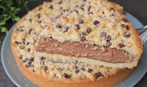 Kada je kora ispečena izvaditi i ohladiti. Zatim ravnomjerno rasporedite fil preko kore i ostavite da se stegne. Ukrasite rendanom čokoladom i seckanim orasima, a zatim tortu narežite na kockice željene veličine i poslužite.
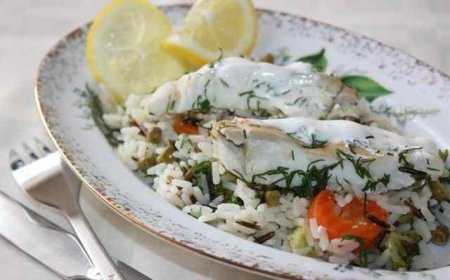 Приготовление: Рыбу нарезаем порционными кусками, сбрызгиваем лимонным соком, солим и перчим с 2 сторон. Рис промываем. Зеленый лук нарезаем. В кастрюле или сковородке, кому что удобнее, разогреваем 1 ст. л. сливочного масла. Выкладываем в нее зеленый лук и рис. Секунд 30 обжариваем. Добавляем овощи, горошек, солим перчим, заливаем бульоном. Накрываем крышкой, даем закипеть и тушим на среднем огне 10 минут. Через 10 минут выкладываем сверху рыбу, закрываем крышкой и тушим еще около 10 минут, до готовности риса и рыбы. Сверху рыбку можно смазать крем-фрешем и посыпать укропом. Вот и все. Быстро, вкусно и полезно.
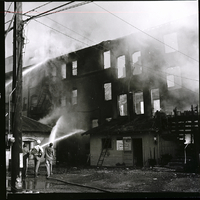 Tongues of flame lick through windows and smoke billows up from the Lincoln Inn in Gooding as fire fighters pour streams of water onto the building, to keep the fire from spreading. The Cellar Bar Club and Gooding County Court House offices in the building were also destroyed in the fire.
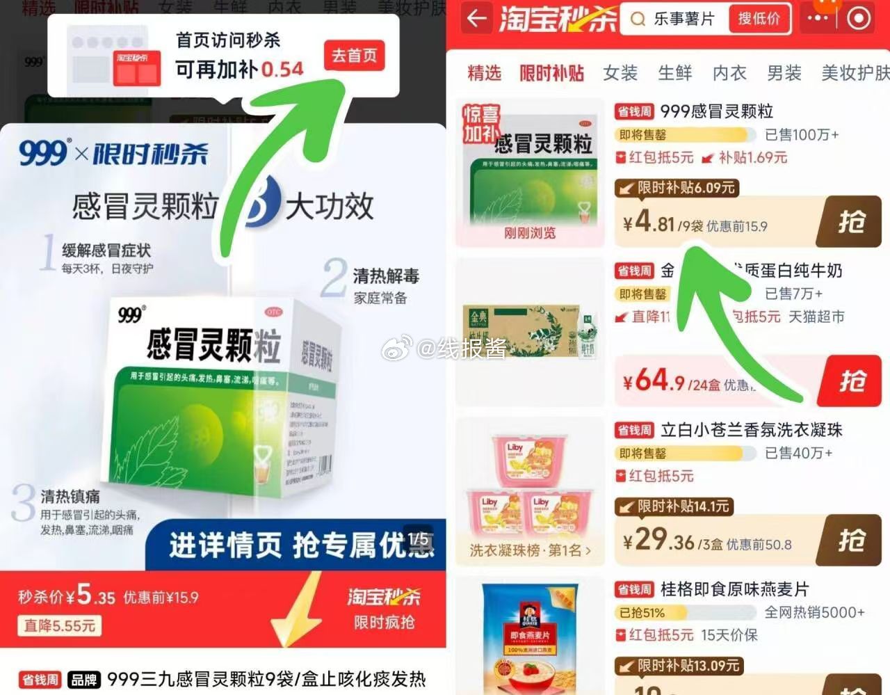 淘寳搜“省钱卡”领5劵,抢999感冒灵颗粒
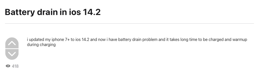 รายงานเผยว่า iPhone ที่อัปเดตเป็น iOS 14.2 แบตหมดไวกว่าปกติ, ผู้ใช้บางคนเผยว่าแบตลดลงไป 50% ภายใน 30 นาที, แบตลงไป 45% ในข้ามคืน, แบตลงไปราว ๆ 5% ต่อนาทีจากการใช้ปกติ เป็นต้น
■ ■ ■ ■
• _AIM OF THE EXERCISE_
The records are to be returned word for word, without any of their pictures.

• _RESPONSE_
 Kada je kora ispečena izvaditi i ohladiti. Zatim ravnomjerno rasporedite fil preko kore i ostavite da se stegne. Ukrasite rendanom čokoladom i seckanim orasima, a zatim tortu narežite na kockice željene veličine i poslužite.
 Приготовление: Рыбу нарезаем порционными кусками, сбрызгиваем лимонным соком, солим и перчим с 2 сторон. Рис промываем. Зеленый лук нарезаем. В кастрюле или сковородке, кому что удобнее, разогреваем 1 ст. л. сливочного масла. Выкладываем в нее зеленый лук и рис. Секунд 30 обжариваем. Добавляем овощи, горошек, солим перчим, заливаем бульоном. Накрываем крышкой, даем закипеть и тушим на среднем огне 10 минут. Через 10 минут выкладываем сверху рыбу, закрываем крышкой и тушим еще около 10 минут, до готовности риса и рыбы. Сверху рыбку можно смазать крем-фрешем и посыпать укропом. Вот и все. Быстро, вкусно и полезно.
 Tongues of flame lick through windows and smoke billows up from the Lincoln Inn in Gooding as fire fighters pour streams of water onto the building, to keep the fire from spreading. The Cellar Bar Club and Gooding County Court House offices in the building were also destroyed in the fire.
 淘寳搜“省钱卡”领5劵,抢999感冒灵颗粒
 รายงานเผยว่า iPhone ที่อัปเดตเป็น iOS 14.2 แบตหมดไวกว่าปกติ, ผู้ใช้บางคนเผยว่าแบตลดลงไป 50% ภายใน 30 นาที, แบตลงไป 45% ในข้ามคืน, แบตลงไปราว ๆ 5% ต่อนาทีจากการใช้ปกติ เป็นต้น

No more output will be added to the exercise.